Before you get to that, why not repent? God always gives you space to repent. Get back on track with the Lord.
The chapter ends hopefully.
Jeremiah 21:11-14
11 “And concerning the house of the king of Judah, say, ‘Hear the word of the Lord,
12 O house of David! Thus says the Lord: “Execute judgment in the morning; And deliver him who is plundered Out of the hand of the oppressor, Lest My fury go forth like fire And burn so that no one can quench it, Because of the evil of your doings.
13 “Behold, I am against you, O inhabitant of the valley, And rock of the plain,” says the Lord, “Who say, ‘Who shall come down against us? Or who shall enter our dwellings?’
14 But I will punish you according to the fruit of your doings,” says the Lord; “I will kindle a fire in its forest, And it shall devour all things around it.” ‘ ”
Why exhort the “house of David,” seeing that they were about to be taken captive and exiled to Babylon?
It’s a promise that God would restore them to their land, to their city, to their Temple – and to Himself. When He did, they should return to walking in ways befitting kings and the citizens of their great God and Savior and thereby avoid future discipline.
It also served as a warning that should they fail He would again, and again, and again, bring discipline upon them.
Rather than wonder if God is disciplining you, just repent of any known sin or sins. If you know that He is disciplining you, surrender yourself to Him and watch Him restore you.
Meantime remember that you will be blocked, beset, and besieged as you walk with the Lord and seek to serve Him. It goes with the territory of discipleship.

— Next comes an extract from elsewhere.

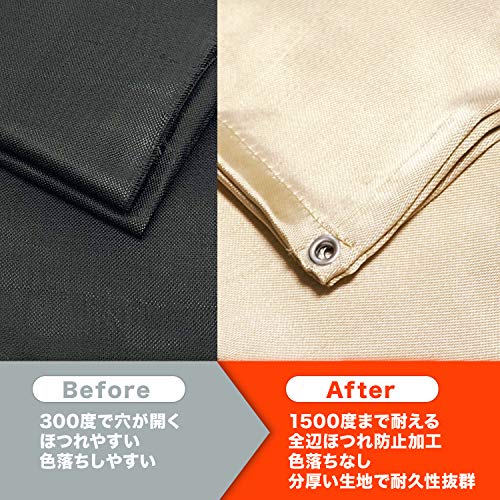 FUJI CAMP 耐火 防炎 スパッタシート 瞬間耐火温度1500度 溶接 薪ストーブ用 (ハトメ有り, 1m*1m)

Writing about endurance Charles Spurgeon said,
[endurance] SHOULD BE THE GREAT CARE OF EVERY CHRISTIAN – his daily and his nightly care. O beloved! I conjure you by the love of God, and by the love of your own souls, be faithful unto death. Have you difficulties? You must conquer them… But ye cannot persevere except by much watchfulness in the closet, much carefulness over every action, much dependance upon the strong hand of the Holy Spirit who alone can make you stand. Walk and live as in the sight of God, knowing where your great strength lieth, and depend upon it you shall yet sing that sweet doxology in Jude, “Now unto him that is able to keep you from falling, and to present you faultless before the presence of his glory with exceeding joy, to the only wise God our Savior, be glory and majesty, dominion and power, both now and ever…
Endure to the end. You can endure because you know the end and you have all the help you need to get there in the Person of Jesus Christ, in the indwelling Holy Spirit, and by the inspired Word of God.